Bruneian diplomat (born 1951)

Pengiran Maidin bin Pengiran Haji Hashim (born 13 March 1951) is a retired Bruneian diplomat who formerly held the position of permanent representative of Brunei to the United Nations from 1997 to 1998, high commissioner to the United Kingdom from 2006 to 2010, and ambassador to Germany in 1994.

== Education ==
At Tufts University in the United States' Fletcher School of Law and Diplomacy, Pengiran Maidin graduated with a Master of Arts (MA) in 1990. A Bachelor of Science (BSc) in economics from Hull University in 1976 and a certificate in diplomacy from Oxford University in the United Kingdom in 1984.

== Diplomatic career ==
Pengiran Maidin started his work at the government's Economic Planning Unit in 1976 as an administrative officer. Later, beginning in 1977, he was the Tutong District Assistant District Officer for Brunei. He had worked his way up to become deputy controller in the Royal Customs and Excise Department by 1982; he had served in that capacity since 1979.

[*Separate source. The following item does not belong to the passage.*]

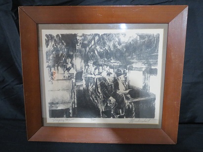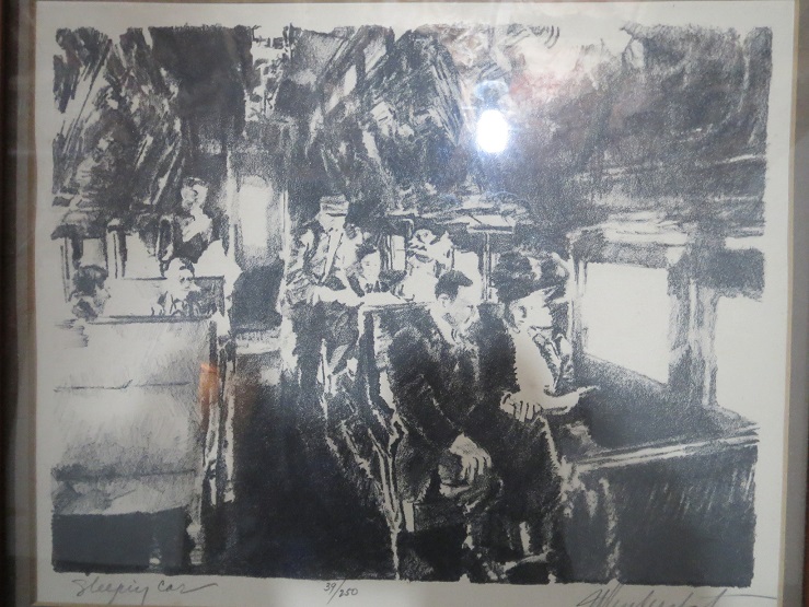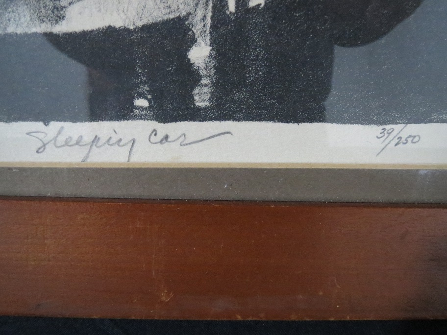 This is charcoal art work of a railroad car with people inside. It appears to be early, but I am so new at this. The work is titled "Sleepiy Car" with the "iy" and signed in pencil and appears to say J Hendershot. I truely can not tell. Also in pencil is 39/250.

Pengiran Maidin had several important roles in the Brunei Foreign Ministry (MFA). From August 1992 to September 1994, he was the Foreign Minister's private secretary. He has had a number of positions in the ministry, such as director of the Political Department (1990–1992) and director general of the ASEAN Department (1986– 1989).

Since September 1994 he has represented his nation as an ambassador to Germany; since September 1996, he has also represented his country as a non-resident ambassador to the Russian Federation. On 6 August 1997 Pengiran Maidin, the newly appointed permanent representative of Brunei Darussalam to the United Nations, gave Secretary-General Kofi Annan his letters of credence. He was well-suited for his new role because to his vast experience and academic background. Upon completing his tenure in 1998, he served as the permanent secretary at the Ministry of Finance and later chair of the Public Service Commission (PSC).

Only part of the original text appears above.